Firstly, this film doesn’t know what it wants to be. It’s not funny enough to be a straight comedy, it’s not gross enough to be a horror, it’s not sassy enough to be a piss-take of the genre (think Scary Movie 2000), it just sits somewhere between all three and never really veers into one mode to allow the audience to figure out what it is.
Think about the fun you could have had with a coked up bear! Think Yogi on steroids running amok, tearing down tents in order to find more coke! Think Gentle Ben tearing tiny little Mark limb from limb in order to get to his next fix!
We get none of that. None.
What we get are some overly contrived scenes that takes us from script point A to B to C with no real drive, fun, scares or character development. This may be due to the fact this is only Warden’s second screenplay (with his first being for Netflix) but direction and editing also play a huge role in the mistakes of this film.
The CGI is passable but not brilliant and there are some scenes where you can see the actors struggling to get to grips with where the bear is and how big it’s supposed to be but this isn’t bad enough for you to immediately go “Look Mom! CGI!”
Director Elizabeth Banks (Pitch Perfect 2, Charlie’s Angels (2019)) struggles to find pace, tension and humour. While this is a lot to do with the script, when you have a kid stuck up a tree, a bear rampaging around and a gun happy park ranger shooting every which way she can, surely there would be some sense of worry? Danger even?
And it’s not even because of any comedic effect, it’s all as flat as a pancake and there’s no sense of tension or release when some one is in danger and then saved.
Part of this is due to the lacklustre pace of the editing. Joel Negron has worked on the likes of Jungle Cruise (2021), Thor Ragnarok (2017) and Transformers: Dark of the Moon (2011) so he certainly has the background for it so I am left wondering if Banks and the actors gave him so little to work with there was nothing he could salvage to fix the timing or lack of suspense this movie has.
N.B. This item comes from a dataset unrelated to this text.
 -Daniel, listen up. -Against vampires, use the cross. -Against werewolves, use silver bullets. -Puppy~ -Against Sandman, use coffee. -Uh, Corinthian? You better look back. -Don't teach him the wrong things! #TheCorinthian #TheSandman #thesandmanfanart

To give an example, there is one scene where Sari (Keri Russell) is hiding behind a tree. I was able to count down to the second that the jump scare took place and knew what it was – and this wasn’t in a “Hah! Look what we’re doing, isn’t this a joke?” kind of jump scare either, it was meant to shock and it fell completely flat.
I wonder if another issue is that most of the actors have worked in television in the past, having to fill up a cinema screen with your expressive behaviour is a lot different to coming into someone’s homes on a TV or computer monitor.
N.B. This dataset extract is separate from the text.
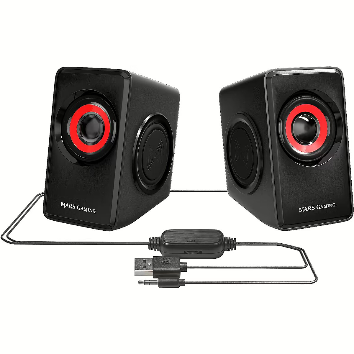 LongDesc - Dive into gaming with the MS1. Compact and equipped with 6 sound drivers and 10W of power, these speakers will cover all your needs.Total gaming designThe MS1's careful design in glossy red and black makes these speakers a totally gaming option, with an elegant and aggressive image.Compact sizeThe small size and USB power supply will allow you to take them with you and enjoy your gaming sessions wherever you want, without losing the excitement of the game with the best sound.Passive driversThe new MS1 speakers feature an innovative sound system with 6 drivers, 2 active and 4 passive, which will turn your gaming sessions into a total gaming experience thanks to their impressive bass. Enjoy spectacular sound from small speakers!Gaming speakersThe MS1 are the first speakers in the Mars Gaming range designed by and for gamers. With a small size, perfect for smaller desks, they offer a surprising power of 10W that will make you experience total immersion in the game.

Banks has struggled in the past. Charlie’s Angels (2019) made $73,235,048 Worldwide on an estimated $48,000,000 budget so after marketing it probably lost money. She had success with Pitch Perfect 2 (2015) which grossed $287,144,079 Worldwide on a $29,000,000 budget (excluding marketing) but I am sure that was more down to the stars and the franchise than Bank’s directorial prowess.
While people reviewing the film don’t seem to think that it’s all it’s cracked up to be (myself included), its Rotten Tomatoes score gives it a pretty respectable 74% audience score at the time of writing (during opening weekend).
I’m afraid I just can’t see the appeal.
The film will make money though, it looks set to top $10,000,000 on its opening weekend and I honestly don’t think it had a massive budget, it’s just a shame they didn’t spend more of it on the script.
Cocaine Bear had so much promise but failed to deliver, much like a line which you think is coke but is actually baking soda.
And just to let you know, if you’re interested in what happened to the actual cocaine bear it ate the stash, died and was then stuffed and placed on display in a mall in Kentucky. At least it died happy I guess? Sources (New York Times and Mental Floss)
Watch this film if you don’t mind a little gore and being a little bored. And if you do get bored while watching this movie you can play the official Cocaine Bear game – go eat some people!